Sharing ideas and sketches is perfectly fine, but sharing should stop before you risk handing in suspiciously similar solutions.
Course staff will not look at assignment code unless it is posted privately on Ed, or shared in a drop-in consultation.
Course staff will typically give assistance by asking questions, directing you to relevant exercises from the labs, or definitions and examples from the lectures.
Before the assignment is due, course staff will not give individual tips on writing functions for the assignment or how your code can be improved. We will help you get unstuck by asking questions and pointing you to relevant lecture and lab material. You will receive feedback on your work when marks are released.
Submission Advice
Start early, and aim to finish the assignment several days before the due date. At least 24 hours before the deadline, you should:
-
Re-read the specification one final time, and make sure you’ve covered everything.
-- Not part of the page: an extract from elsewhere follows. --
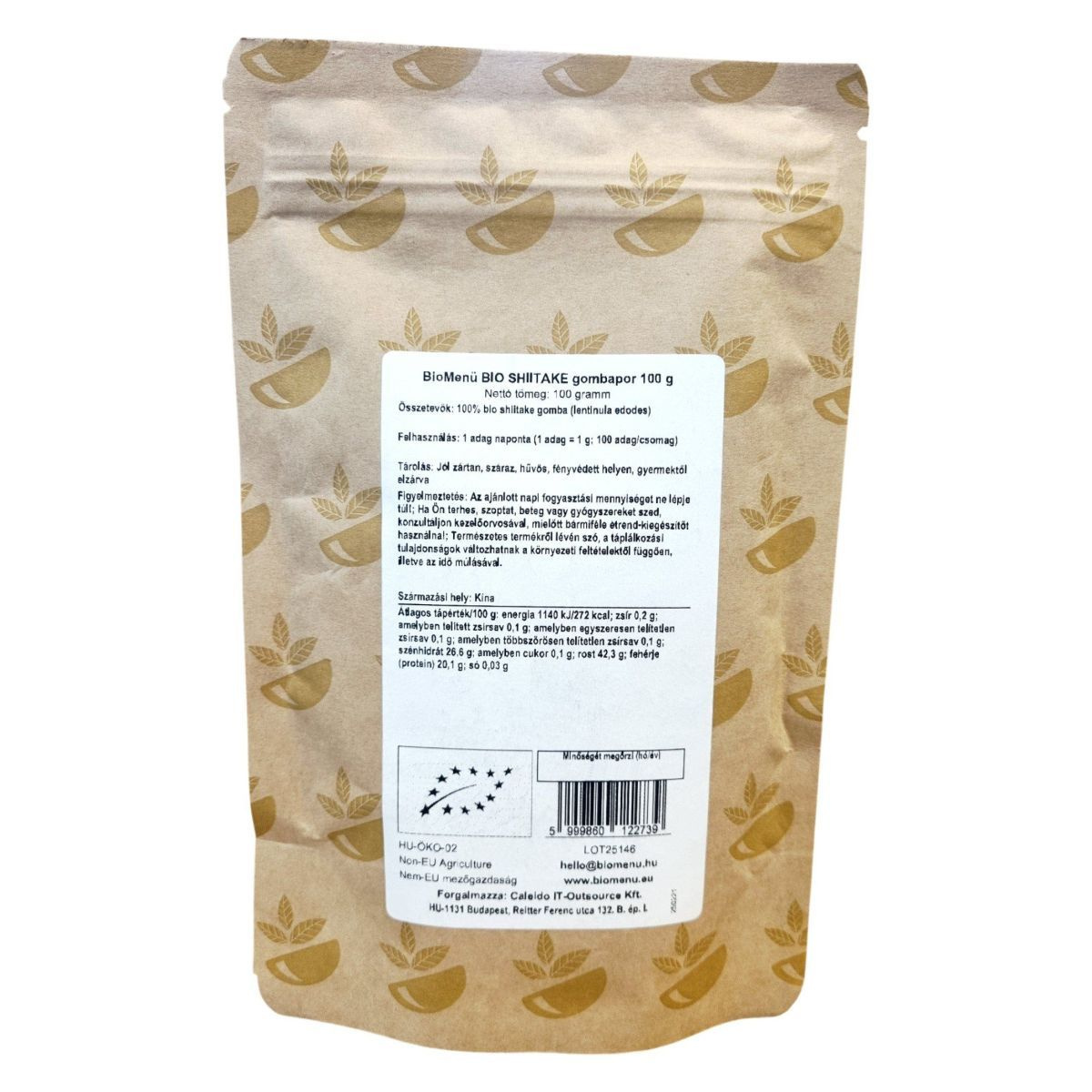 A BioMenü BIO SHIITAKE gombapor 100 g-os kiszerelésben kapható, és 100% bio shiitake gombát tartalmaz. A termék Kínából származik, és megfelel a bio, raw és vegán étrendi irányzatoknak. A termék energia- és tápérték adatai alapján alacsony zsír- és cukortartalmú, magas rost- és fehérjetartalmú lehet. A termék HU-ÖKO-02 tanúsítvánnyal rendelkezik, és a Caleldo IT-Outsource Kft. forgalmazza. A termék használata előtt javasolt konzultálni kezelőorvossal, különösen terhesség, szoptatás, betegség vagy gyógyszerszedés esetén.

- You have fully read and understand the entire assignment specification. See the “Overview of Tasks” section to check that you have completed all tasks.
-
Confirm that the latest version of your code has been pushed to GitLab.
- You can confirm that the latest version of your code has been pushed to GitLab by using your browser to visit https://gitlab.cecs.anu.edu.au/uXXXXXXX/asst3-1100_s2_2023, where XXXXXXX is your student number.
-
Ensure your program compiles and runs, including the
cabal v2-testtest suite. Make sure you have a green CI tick on your latest commit in Gitlab -
Ensure your submission works on the lab machines. If it does not, it may fail tests used by the instructors.
-
Proof-read and spell-check your report.
-
Verify that your report is in PDF format, located at the root of your project.
-
Verify that your report is in PDF format, located at the root of your project directory (not in
src), and namedReport.pdf. That capitalRis important - Linux uses a case-sensitive file system. Otherwise, it may not be marked. -
Check that all work including your report is submitted by viewing your assignment repo on Gitlab.
We recommend that you do not wait until you are finished to commit and push your work. Commit and push as you work, to reduce the risk of submission errors at the last minute.